Hence 1619 not 1492. 

Typos courtesy of auto spell. 

On Aug 26, 2020, at 1:35 PM, Peter Turner <karlrosa1919@...> wrote:


I fully agree with your remarks, including how the 1619 Project exposed how the founding of the U.S. was not what we have been taught in our sanitized official version of our history.  But one glaring problem exists with it: Why is it not the 1492 Project?  Columbus brought souvenirs of his mission of conquest back to Spain, including slaves.  We saw that the export of slaves from the U.S. to Europe didn't turn out well, but not for a lack of trying.  Europeans enslaved many indigenous people here beginning from their arrival.  The notion that the U.S., or its social origins, became oppressive beginning in 1619 is an affront to the experiences of people native to this land.  It seems that the pattern of history being defined by those who write it rather than on the basis of how it actually happened is still with us.  If we are to really practice the humanity we claim, we need to show the respect our native people deserve by honoring THEIR version of what happened. 


fkalosar101@...
 

Maybe I should have asked the questions you seem to be answering. although I have the feeling that I've transgressed some unwritten rule here and am out of line in "expecting answers" at all.

Be that as it may, I think that the question of why not a 1492 project is a pretty good one and not one with an obvious answer, though the revelations about Columbus are hardly new. 
Part of the answer is that there doesn't seem to be any political continuity from the Spanish colonial period to the English one, apart from the general European connection, which explains part of it--I don't know the history well enough to say how clearly the Spanish institution of slavery played into or influenced the English adaptation of slavery in the British colonies, but perhaps this is settled history by now.  And the 1619 project is generally taken as debunking any suggestion that the British colonists who made the so-called American Revolution were in fact making an authentic revolution at all, which is a different matter altogether.

This still doesn't answer the other question of whether the Floundering Bothers and Abraham Lincoln etc. are so contaminated by their involvement with slavery and the near extermination of the First Nations as to render "bourgeois democracy" as realized in the USA  between 1776 and 1865 not revolutionary in the sense in which I believe Marx thought it was. 

And if there was no bourgeois revolution in the USA, was there really one in Europe, and if there wasn't, what does that do to Marxist historical analysis in general? Why not just forget the whole thing and become an intersectionalist of a Foucault-ite or a follower of the great Agamben or whatever?

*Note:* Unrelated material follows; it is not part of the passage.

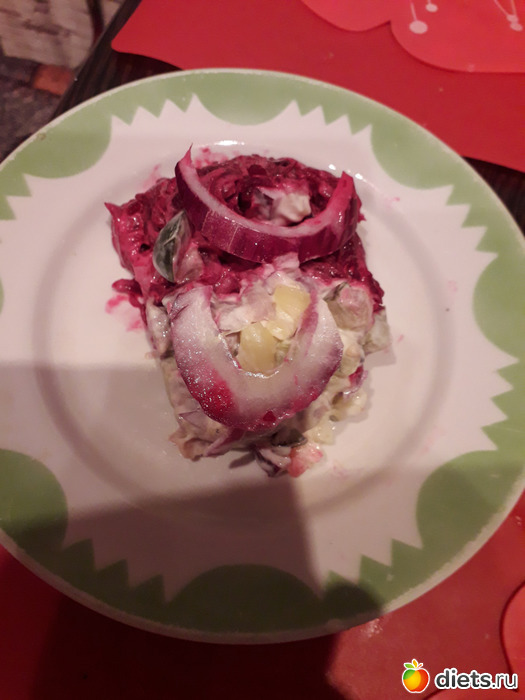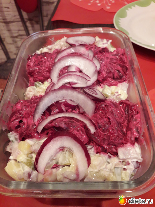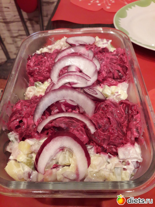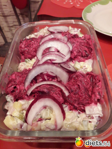 -Выкладываем салат(без свеклы) в прямоугольную форму. При помощи лопаточки раздвинем салат, оставим как-бы пустые полоски и их наполним свеклой. Украсим верх на свой вкус!

Are we right to trace the dialectical line of world history through the modern history of Europe or not? If we are, then what are the limits to "excusing" the crimes of eg Jefferson on the basis of his unresolved contradictions. If not, what point is there in calling oneself a Marxist at all?

I really don't like to raise these "questions" like some conspiracist crying out about fraud--don't have the credentials if nothing else--but the question of what remains of Marxism if the dialectical stages of history a) are no longer to be seen in American history, b)are no longer t.b.s. in European history, c) not only are "combined and uneven" in their development but not in fact discernible in the actual, full historical narrative at all, contradictions or no contradictions, is certainly exercising me--no purported revolutionary but a mere concerned citizen--at the moment, and perhaps is of concern to others as well.  What can we as Marxists say or should we say about this?  We have the bad example of the SEP's defense of Jefferson et al.  What are the alternatives? Indeed what could one of us old white men have to say to a young BLMer on the subject?

Can we be Marxists at all in this day and age without being, as some may consider Marx himself to have been, unforgiveably Eurocentric and masculine in outlook?

Do please give me a blindfold before shooting--I can do without the cigarette.